おだやか日記

いつでも往診に来てくれる~それが本当に安心につながるのか~

おだやか診療所です。

毎日新聞に「<在宅医療>知識と技術と覚悟の足りない医師がいる」という記事がありました。本日はこの記事について書いてみたいと思います。以下枠内は、記事からの引用です。(記事のリンクが切れていましたので、こちらにリンクを貼っておきます。

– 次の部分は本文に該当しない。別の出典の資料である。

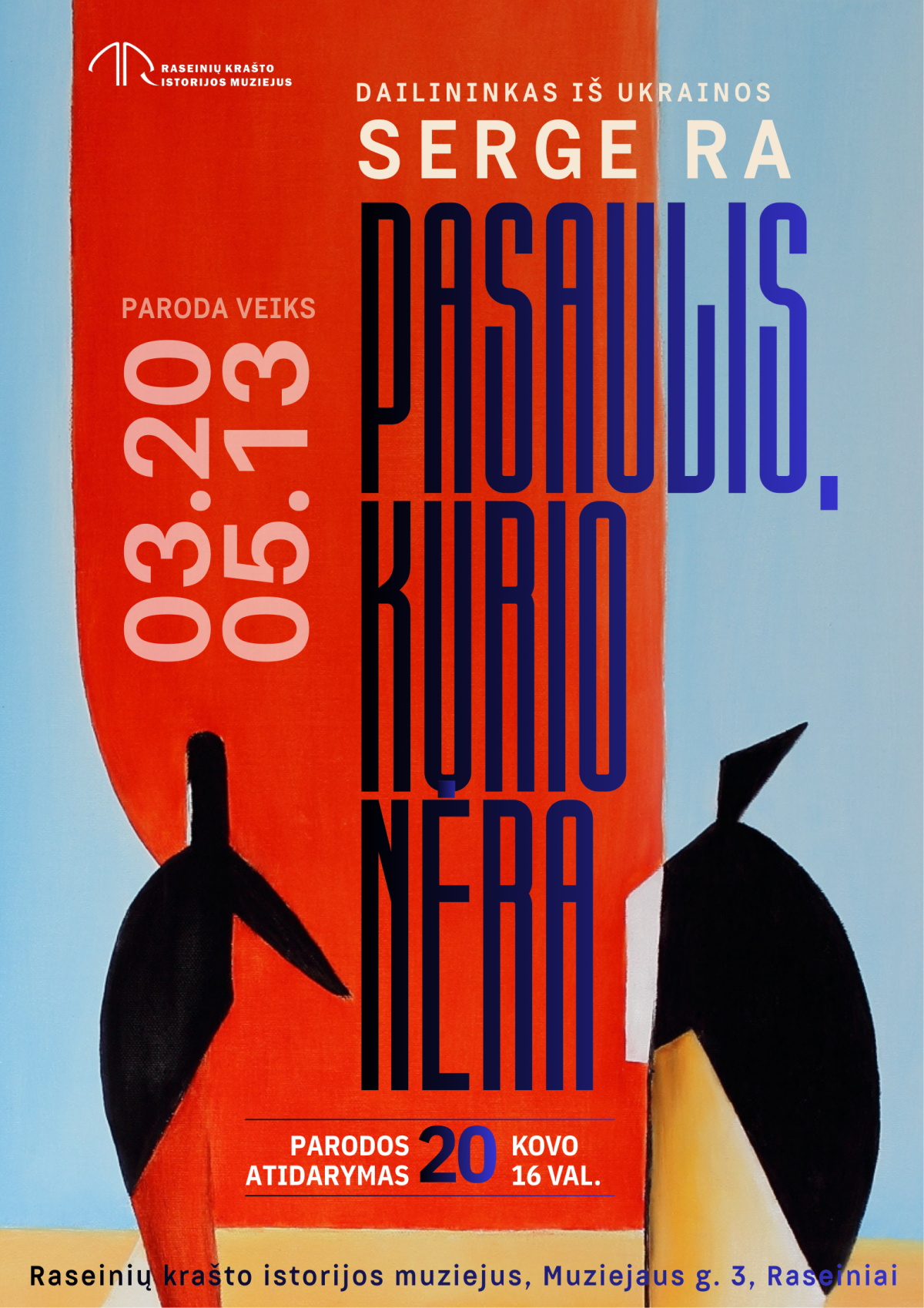 Kovo 20-ąją kviečiame į susitikimą su Ukrainos dailininko Serge Ra kūryba – Raseinių krašto istorijos muziejuje bus atidaryta jo paroda „Pasaulis, kurio nėra“. Džiaugiamės galėdami Raseinių miestui pristatyti Lietuvoje gyvenančio ukrainiečių menininko darbus ir pakviesti į susitikimą su pačiu autoriumi.

ただし、有料記事となっています→新しい記事のリンク)

「前の訪問診療の先生は、具合が悪くて診てほしい時に、一度も自宅に来てくれませんでした。『休日はゴルフに行くので呼ばないでほしい』と言われたことも。何にもない普通の時はしょっちゅう来るのに……。先生に会わなければ今も、訪問医をぶん殴りたいと思っていたはずです(笑い)」実は、このような話はたくさんあります。あるがん患者が痛みに耐えかね、24時間対応加算を取る在宅診療クリニックに電話したら「今新宿にいて、タクシーで向かうと2万円かかるから高いよ。それより救急車を呼べば?」と言われたというのです。 

 今の時代にもこのようなこと言う訪問診療医がいることは驚きですね・・・・・。がんの痛みのコントロールもできていないうえに電話でこのような対応では患者さんの不安は増すばかりでしょう。

私のクリニックは、夜中に痛みを訴える患者さんから連絡があれば、痛みを抑える薬を持ってすぐ自宅に出向きます。そして痛みが取れるまでできるだけ対応します。そのことを知った知人女性の家族は、今さらながら当時の開業医の対応に怒りを覚えると言います。くだんの医院のホームページには今も、「在宅医療で悪性腫瘍終末期に対応します」と書いてあるのです。

問題はここです。夜間に激しい痛みがあるにもかかわらず何の対応もしない訪問診療医は失格です。しかし、「痛みを抑える薬を持ってすぐ自宅に出向きます」の部分に実は問題があります。これは、日ごろの診療で疼痛のコントロールがしっかり行えていない可能性があるからです。病状などから症状を予測し、早め早めに鎮痛剤を投与するなどの対応をとり、レスキュー(痛みが出た時に使用する頓服薬)の処方をしておき、患者さんや家族に対応を説明しておくと、いざ夜間に痛みが出たとしてもあらかじめ説明しておいた対応をとることにより、すぐに痛みをとることができます(医師が駆けつけるまで、痛みを我慢することもありません)。また、このような早め早めの対応自体が安心につながり、その安心自体が痛みの軽減につながります。

 

これはあくまで私の考えですが患者さんの緊急時に何もしない訪問診療医は失格、緊急時にすぐ対応する訪問診療医は普通、あらかじめ緊急時に何が起こるかを予測し、その対応法を伝えて患者さんが安心できるようにする訪問診療医は一流と思います(もちろん、どんなに予測をしていても、必要とあれば緊急往診に伺います)。

 

なお、訪問診療のクリニックを選ぶ際に、記事にあった以下の文章は役に立つと思います。

くれぐれもホームページや看板に釣られないでください。特に、「当院の訪問診療はさまざまな専門医が担っています」とうたうクリニックは要注意。長期療養や末期がんの症状コントロールの知識と経験がない、アルバイト医師が単に日替わりでやってくるだけになります。また、有料老人ホーム専門の在宅医療クリニックも要注意です。患者を年間1000人診ているが、老人ホームを含む自宅でのみとりは年間10件、といったクリニックが少なくないからです。常勤医は1人か2人で、その他はアルバイト医師である場合が少なくありませんから。